Patrizia Fausti dice
Non sono d’accordo. Non penso che sia il lavoro ad avere abbrutito e reso privo di senso il modello di società consumistica. È vero che dovrebbe essere fatto nel rispetto dei diritti di chi lavora e dovrebbe essere organizzato in modo da rendere più vivibile la vita. Ma non riesco proprio a considerare la mancanza di un’ occupazione, di un’attività lavorativa come qualcosa di positivo per chi come me vive in questa società.
Luca dice
Cara Patrizia, partiamo dall’assunto che il lavoro, inteso come lo intendiamo noi, è un furto.

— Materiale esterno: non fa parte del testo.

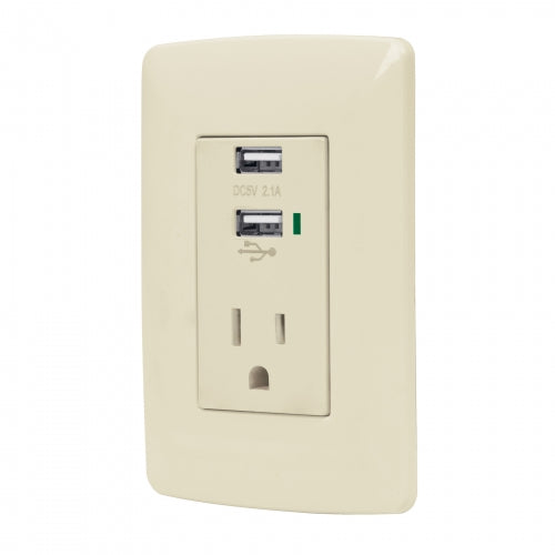 Contacto aterrizado + 2 puertos USB, marfil, línea Italiana 48064 COUSB-I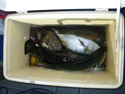 黒ソイ1、ハマチ5匹くらい、アコウ、サワラ、カサゴ、マトウダイなど

Tu lavori 100 e vieni pagata 30 (se va bene) perché 70 se lo prendono i padroni e lo stato, in cambio di servizi (scadenti). Continuiamo con un altro assunto e cioè che il lavoro così come lo conosciamo noi è destinato a scomparire, il 90% dei lavori che oggi facciamo verranno fatti da macchine ed è impensabile che 10miliardi di esseri umani siano tutti economisti o ingegneri o “artisti”. Quindi bisogna pensare ad una società senza lavoro perché noi non la vedremo ma fra qualche secolo (forse meno) sarà così. Quello che noi possiamo fare oggi è affrancarci dalla schiavitù del consumismo, se possiamo dobbiamo scegliere di lavorare meno, guadagnare meno e spendere meno. A cosa serve accumulare ricchezze, Comprare case, Gadget tecnologici se poi ciò che resta dello stipendio dobbiamo spenderlo in antidepressivi o medicinali contro patologie legate allo stress?L’articolo è sicuramente molto provocatorio ed esagerato ma sono d’accordo sul fatto che bisogna uscire dall’ottica del “lavoro nobilita l’uomo”. Lo studio nobilita l’uomo, l’arte nobilita l’uomo, la solidarietà nobilità l’uomo, l’amore nobilita l’uomo,la meditazione nobilita l’uomo……non il lavoro.
Luca dice
Sono parzialmente d’accordo. Chi declama verità assolute ha la pancia abbastanza piena per farlo. Chi vive da proletario, schiavo del sistema capitalistico ed ha bisogno di un reddito per vivere (non ci sono mamma e papà che pagano) non può tanto facilmente lasciarsi andare a ragionamenti di questo tipo. Bisognerebbe iniziare una rivoluzione culturale che spinga a lavorare meno, a ridistribuire la ricchezza, a contare di più sulla solidarietà e di meno sul mercato ma questo implica tante rinunce e non so quanta gente è disposta a rinunciare a tante cose. Io non ho una macchina, non ho una casa (sono in affitto) e il mio salario mi serbe semplicemente per vivere. Ho chiesto volontariamente di passare da un full-time ad un part-time da 1600euro a 1100euro al mese, con questo salario io vivo ma non costruisco niente per il futuro e non posso permettermi surplus (smartphone ultima generazione o cose del genere). Quanti di voi già lo fanno? Quanti di voi sono serimante disposti a fare un piccolo passo del genere? Non serve tornare all’età della pietra, basta semplicemente iniziare ad alzare il piede dall’acceleratore e iniziare a frenare dolcemente.